++++ Material shown ++++

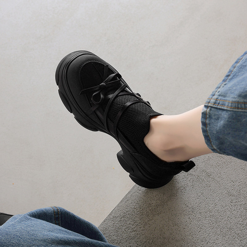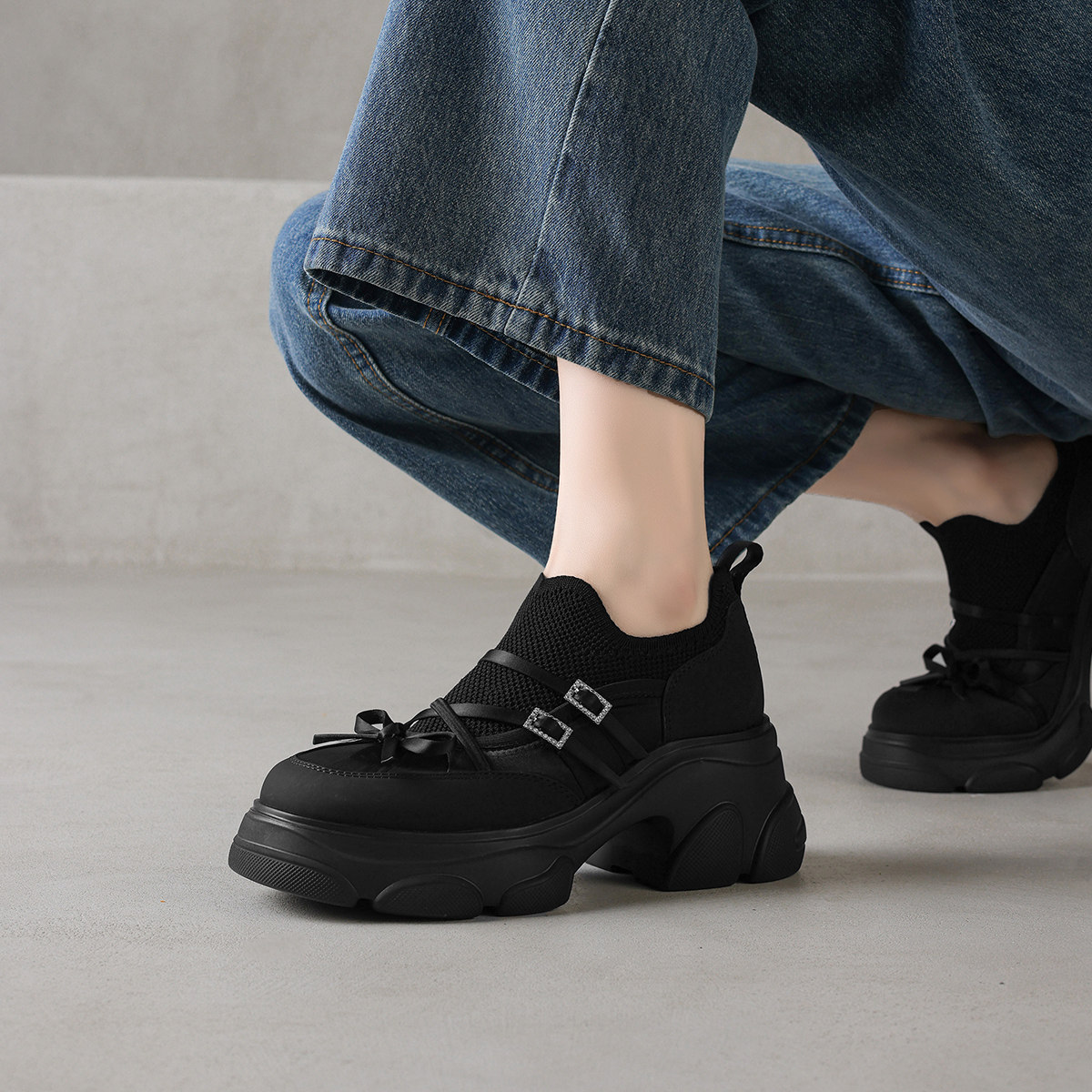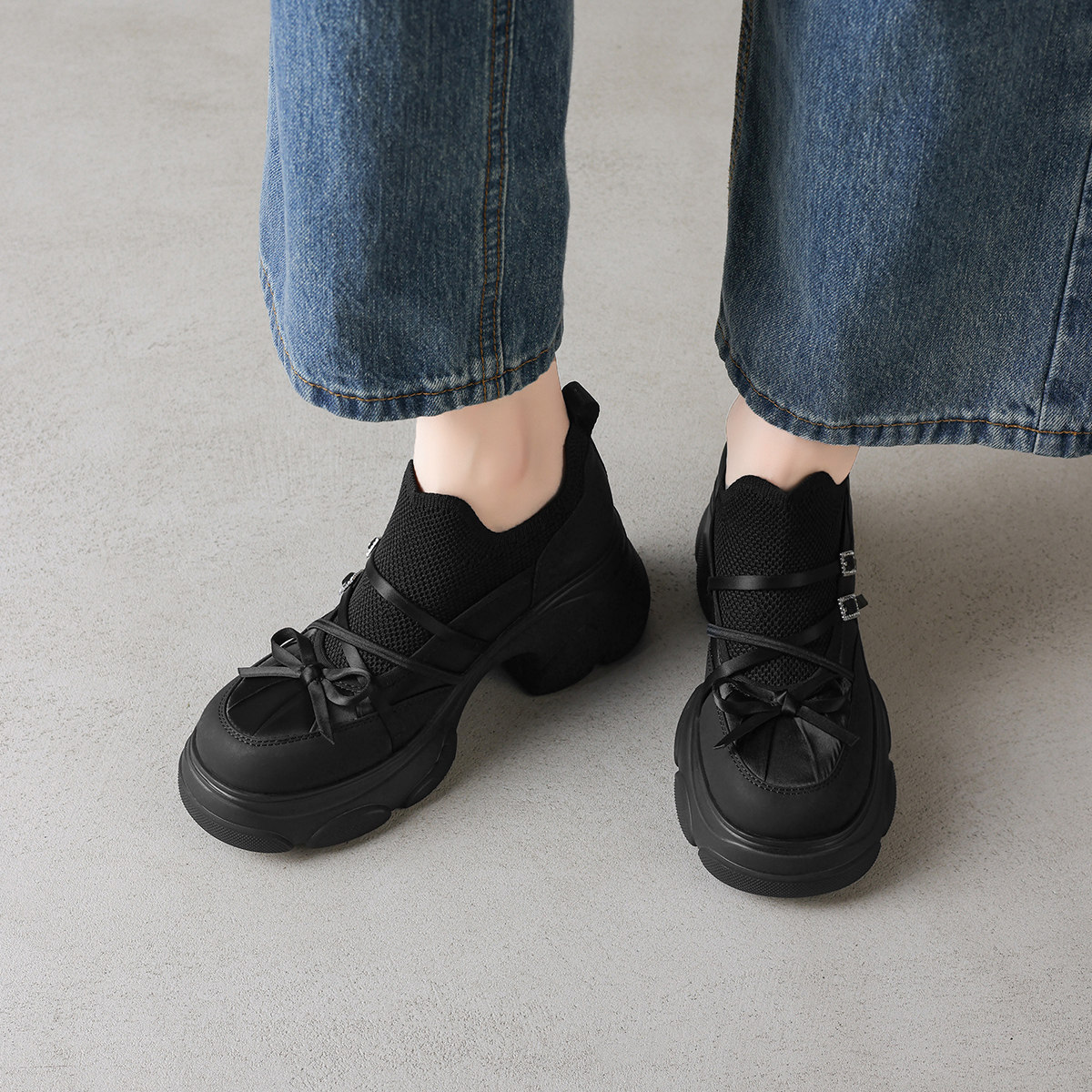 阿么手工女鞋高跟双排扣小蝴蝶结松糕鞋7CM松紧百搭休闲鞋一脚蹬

++++
++++ Material shown ++++

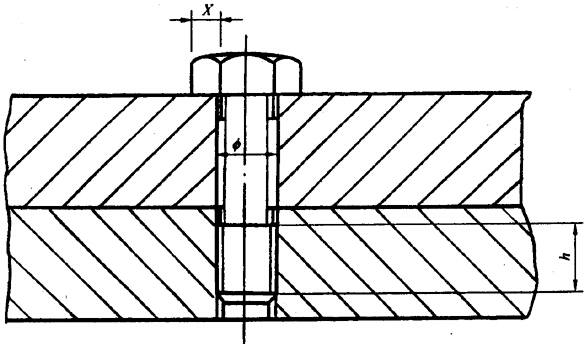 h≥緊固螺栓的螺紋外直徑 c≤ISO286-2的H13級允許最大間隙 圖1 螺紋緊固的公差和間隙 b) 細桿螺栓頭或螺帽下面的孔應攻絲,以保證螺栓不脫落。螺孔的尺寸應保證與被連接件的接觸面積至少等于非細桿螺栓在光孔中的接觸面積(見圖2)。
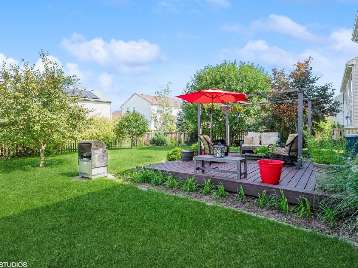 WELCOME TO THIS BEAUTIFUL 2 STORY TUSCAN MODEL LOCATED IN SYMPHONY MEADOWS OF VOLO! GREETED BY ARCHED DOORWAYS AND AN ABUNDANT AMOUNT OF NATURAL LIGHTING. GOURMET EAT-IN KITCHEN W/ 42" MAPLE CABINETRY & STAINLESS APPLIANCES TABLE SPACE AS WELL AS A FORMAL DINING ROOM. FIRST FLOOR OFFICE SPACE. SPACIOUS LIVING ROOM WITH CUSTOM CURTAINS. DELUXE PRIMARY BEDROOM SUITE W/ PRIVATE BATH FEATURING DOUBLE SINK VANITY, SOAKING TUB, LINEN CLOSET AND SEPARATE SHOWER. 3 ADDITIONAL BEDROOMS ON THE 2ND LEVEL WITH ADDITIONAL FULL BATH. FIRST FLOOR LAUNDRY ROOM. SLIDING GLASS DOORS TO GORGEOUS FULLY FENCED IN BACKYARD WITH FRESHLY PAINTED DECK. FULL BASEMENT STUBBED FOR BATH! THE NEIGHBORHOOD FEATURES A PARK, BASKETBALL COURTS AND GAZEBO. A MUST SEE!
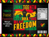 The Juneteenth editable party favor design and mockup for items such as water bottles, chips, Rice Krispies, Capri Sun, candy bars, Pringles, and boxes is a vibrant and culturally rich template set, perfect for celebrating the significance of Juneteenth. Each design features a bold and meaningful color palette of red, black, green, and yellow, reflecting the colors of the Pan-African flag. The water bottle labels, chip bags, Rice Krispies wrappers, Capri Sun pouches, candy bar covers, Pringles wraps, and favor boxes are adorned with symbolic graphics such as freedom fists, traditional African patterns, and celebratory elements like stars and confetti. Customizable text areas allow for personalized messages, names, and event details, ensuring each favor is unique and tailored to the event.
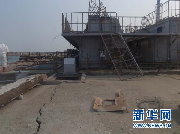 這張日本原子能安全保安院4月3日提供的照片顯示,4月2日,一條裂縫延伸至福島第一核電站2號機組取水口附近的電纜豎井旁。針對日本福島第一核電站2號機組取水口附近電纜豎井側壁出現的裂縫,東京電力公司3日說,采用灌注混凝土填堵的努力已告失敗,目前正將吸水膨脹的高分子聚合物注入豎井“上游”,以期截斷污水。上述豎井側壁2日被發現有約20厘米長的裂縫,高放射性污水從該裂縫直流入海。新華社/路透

++++
++++ Material shown ++++

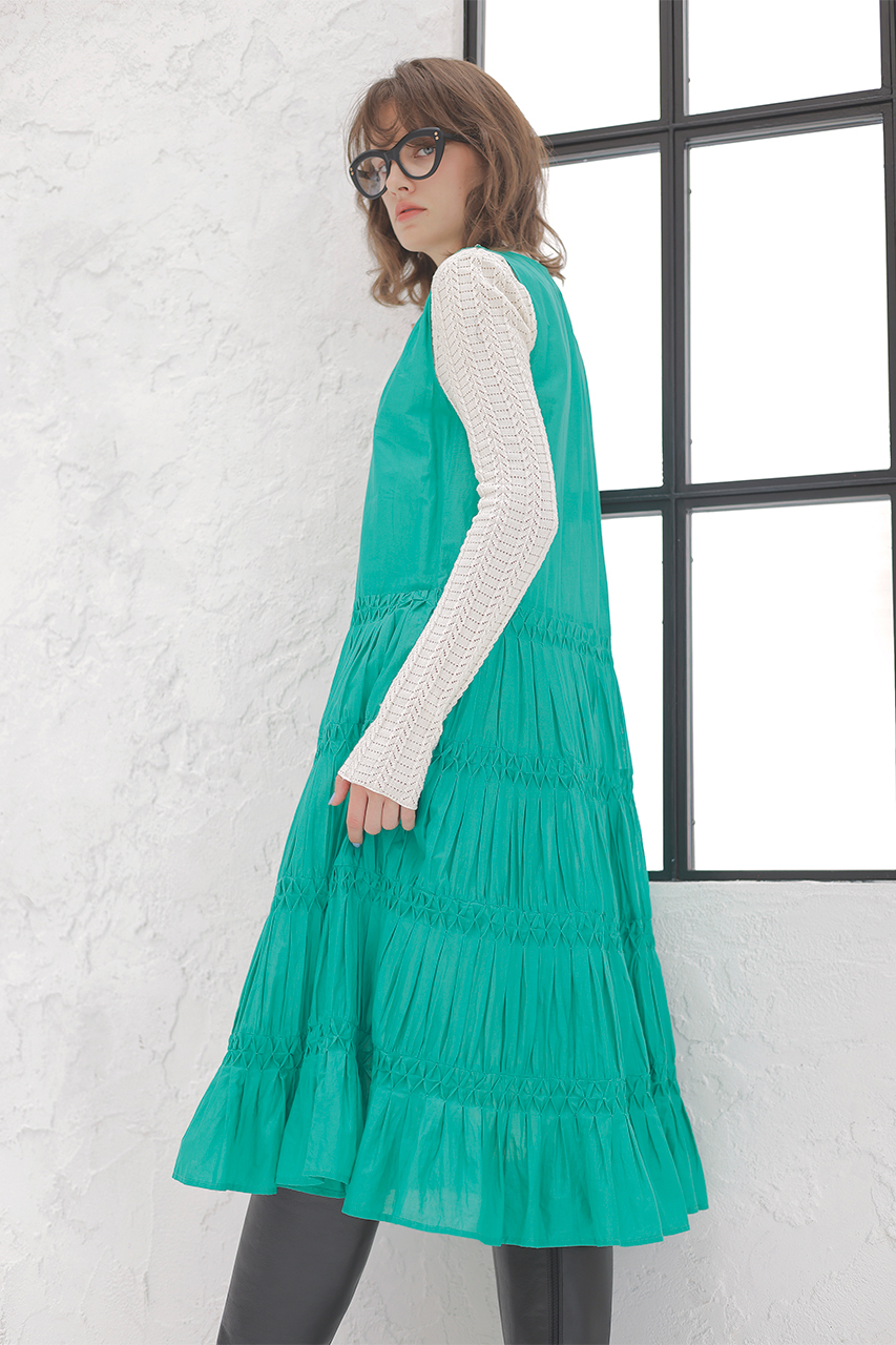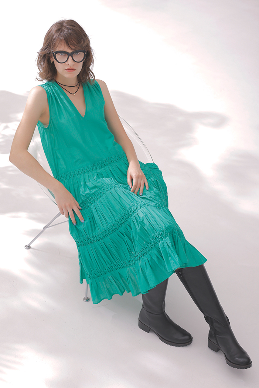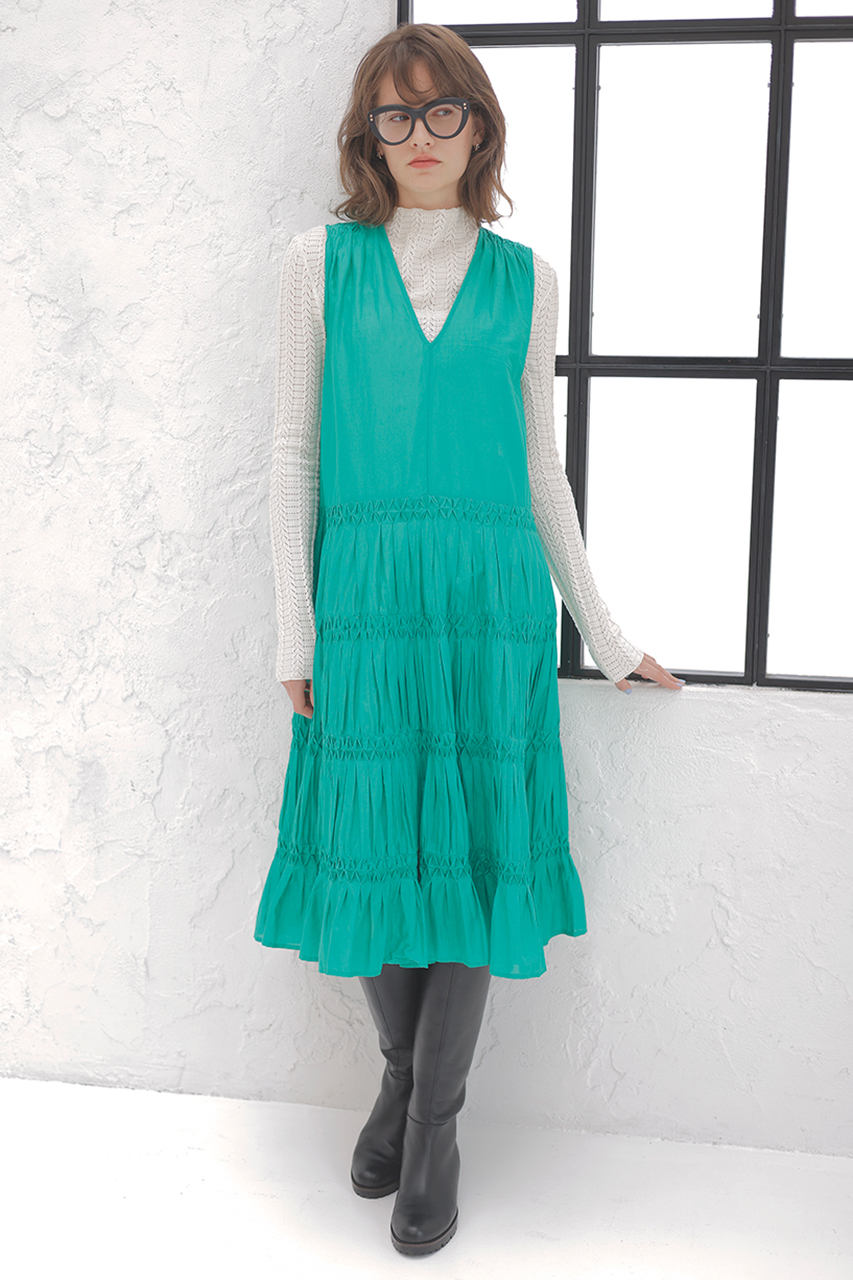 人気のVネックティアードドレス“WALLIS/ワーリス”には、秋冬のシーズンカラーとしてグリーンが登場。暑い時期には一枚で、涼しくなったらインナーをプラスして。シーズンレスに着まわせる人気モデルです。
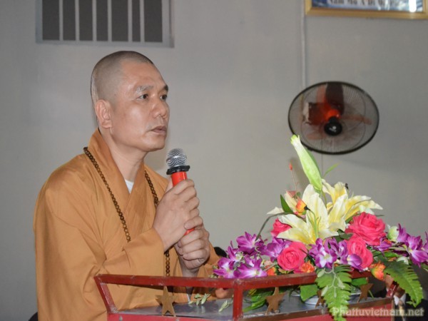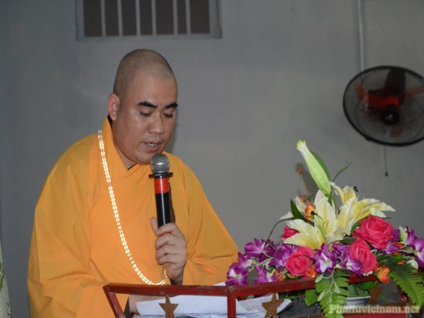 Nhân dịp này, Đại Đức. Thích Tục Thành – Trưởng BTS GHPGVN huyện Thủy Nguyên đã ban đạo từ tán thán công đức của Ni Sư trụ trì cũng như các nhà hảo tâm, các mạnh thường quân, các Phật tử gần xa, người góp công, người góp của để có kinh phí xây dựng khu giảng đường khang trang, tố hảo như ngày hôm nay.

++++

Exercise details: Using the data above, copy exactly the lines from the one containing "The Juneteenth editable" to the one containing "這張日本原子能安全保安院4月", inclusive. Exclude the pictures.

Result for this exercise:
 The Juneteenth editable party favor design and mockup for items such as water bottles, chips, Rice Krispies, Capri Sun, candy bars, Pringles, and boxes is a vibrant and culturally rich template set, perfect for celebrating the significance of Juneteenth. Each design features a bold and meaningful color palette of red, black, green, and yellow, reflecting the colors of the Pan-African flag. The water bottle labels, chip bags, Rice Krispies wrappers, Capri Sun pouches, candy bar covers, Pringles wraps, and favor boxes are adorned with symbolic graphics such as freedom fists, traditional African patterns, and celebratory elements like stars and confetti. Customizable text areas allow for personalized messages, names, and event details, ensuring each favor is unique and tailored to the event.
 這張日本原子能安全保安院4月3日提供的照片顯示,4月2日,一條裂縫延伸至福島第一核電站2號機組取水口附近的電纜豎井旁。針對日本福島第一核電站2號機組取水口附近電纜豎井側壁出現的裂縫,東京電力公司3日說,采用灌注混凝土填堵的努力已告失敗,目前正將吸水膨脹的高分子聚合物注入豎井“上游”,以期截斷污水。上述豎井側壁2日被發現有約20厘米長的裂縫,高放射性污水從該裂縫直流入海。新華社/路透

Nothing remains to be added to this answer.